The two wires goes to a sensor that you hook up to a buzzer or light and when the buzzer goes off or the light comes on it is notifying you that the motor is now toast.


----------



## Matej (Dec 4, 2015)

Fantastic. Thank you. I will wire them to the door chime.


----------



## Matej (Dec 4, 2015)

Oh wait, just realized that you may have not actually been sarcastic.

So it works the same way as the oil pressure warning on an ICE motor. Got it.


----------



## dragonsgate (May 19, 2012)

Matej said:


> Oh wait, just realized that you may have not actually been sarcastic.
> 
> So it works the same way as the oil pressure warning on an ICE motor. Got it.


Well it was sort of sarcasm but that was also my experience. I had close to 60K on my FB9001 when it went. It was a 100+ degree day and I had pulled this killer hill. About three miles after I topped it I was just at the bottom of a down grade and just ready to climb the last rise before I got home and the motor quit. With in seconds of the death of the motor the buzzer started buzzing. I would like to have some kind of sensor that gives internal temp. I was thinking of an infra heat sensor aimed at the brushes.


----------



## Matej (Dec 4, 2015)

Thank you for clarifying. This whole time I assumed it was a temperature sensor. Perhaps I will try to somehow incorporate the car's OEM sensor after all, or use an infrared sensor such as the one that EV West sells.

I have also been trying to find out approximately how much air the internal fans on these motors pull.

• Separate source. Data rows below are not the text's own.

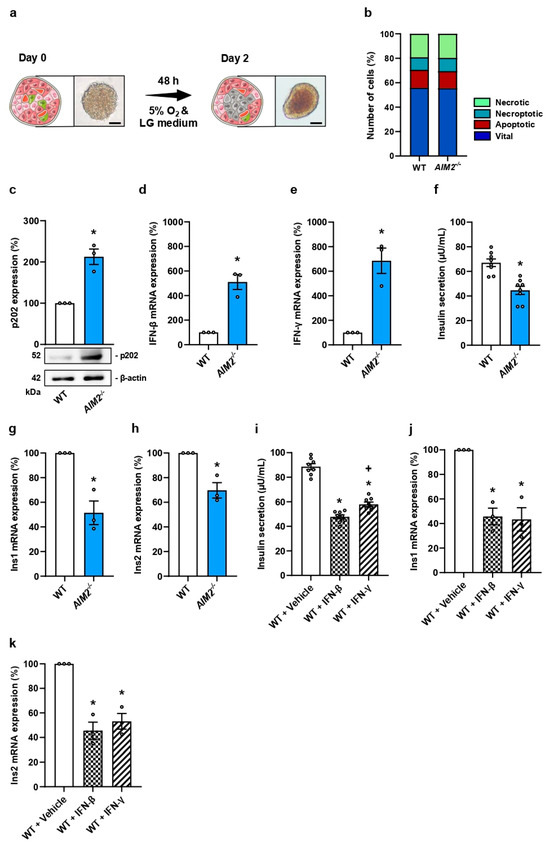 AIM2 deficiency reduces insulin expression in an IFN-dependent manner. (a) Schematic illustration of the experimental in vitro setting. Freshly isolated islets (left: bright field microscopic image; scale bar: 75 µm) were exposed to hypoxia (5% O2) and low glucose (LG) medium (1 g/L glucose) for 48 h to induce central cell death within the islets (right: bright field microscopic image; scale bar: 75 µm). These ischemic islets were used for further experiments. (b) Propidium iodide/annexin V-stained cells (in % of total cell number) were quantitatively analyzed in ischemic WT and AIM2−/− islets subdivided in necrotic, necroptotic, apoptotic, and vital cells (n = 3 each). (c) Representative Western blot of p202 expression from extracts of ischemic WT and AIM2−/− islets (lower panels). Quantitative analysis of p202 expression (upper panel). β-actin was used as loading control. Data are expressed in % of WT (n = 3 each). Mean ± SEM. * p < 0.05 vs. WT. (d,e) IFN-β (d) and IFN-γ (e) mRNA expression in ischemic WT and AIM2−/− islets were quantitatively analyzed. Data are expressed in % of WT (n = 3 each). Mean ± SEM. * p < 0.05 vs. WT. (f) Quantitative analysis of insulin secretion (µU/mL) from ischemic WT and AIM2−/− islets (n = 8 each). Mean ± SEM. * p < 0.05 vs. WT. (g,h) Ins1 (g) and Ins2 (h) mRNA expression in ischemic WT and AIM2−/− islets were quantitatively analyzed. Data are expressed in % of WT (n = 3 each). Mean ± SEM. * p < 0.05 vs. WT. (i) Quantitative analysis of insulin secretion (µU/mL) from ischemic WT islets exposed to vehicle, IFN-β, or IFN-γ (n = 8 each). Mean ± SEM. * p < 0.05 vs. WT + Vehicle; + p < 0.05 vs. WT + IFN-β. (j,k) Quantitative analysis of Ins1 (j) and Ins2 (k) mRNA expression in ischemic WT islets exposed to vehicle, IFN-β, or IFN-γ. Data are expressed in % of WT + Vehicle (n = 3 each). Mean ± SEM. * p < 0.05 vs. WT + Vehicle.
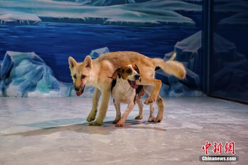 9月28日,世界首只克隆北極狼在哈爾濱極地公園和公眾見(jiàn)面。據(jù)了解,克隆北極狼的供體細(xì)胞來(lái)自北極狼“瑪雅”的皮膚樣本,代孕母體是一只比格犬。現(xiàn)在,克隆北極狼已順利過(guò)“百天”,各項(xiàng)指標(biāo)顯示均正常。圖為克隆小北極狼“瑪雅”和比格犬“媽媽”在一起。 中新社記者 孫漢侖 攝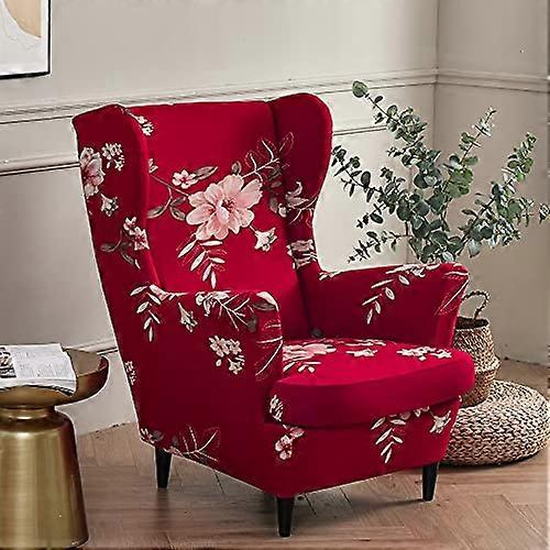 Stretch Wing Chair Slipcover 2 Piece Washable Spandex Armchair Cover for Living Room Bedroom, Fragrant Flower Red

My plan was to make a custom band similar to the closed forced cooling bands that people use, but instead of using a blower, I want to add a computer fan to each of the intake ports on the motor.
Though this would of course be pointless if the internal fan already draws more air than the four PC fans could push in.
Exhaust fans would be even more effective, but unfortunately the exhaust ports are a bit too narrow to adapt the fans conveniently.


----------



## favguy (May 2, 2008)

Forget the PC fans, not enough airflow. use a 4" bilge blower and pipe it in to the cover band 

This type of thing:

http://www.ebay.com/itm/Rule-In-Lin...ash=item464a342b81:g:5fEAAOSwZQxW36UP&vxp=mtr


----------



## major (Apr 4, 2008)

> Does anyone have instructions or information on the built-in temperature sensor found in the ADC and Warp motors? I assume they are the same, or similar at least.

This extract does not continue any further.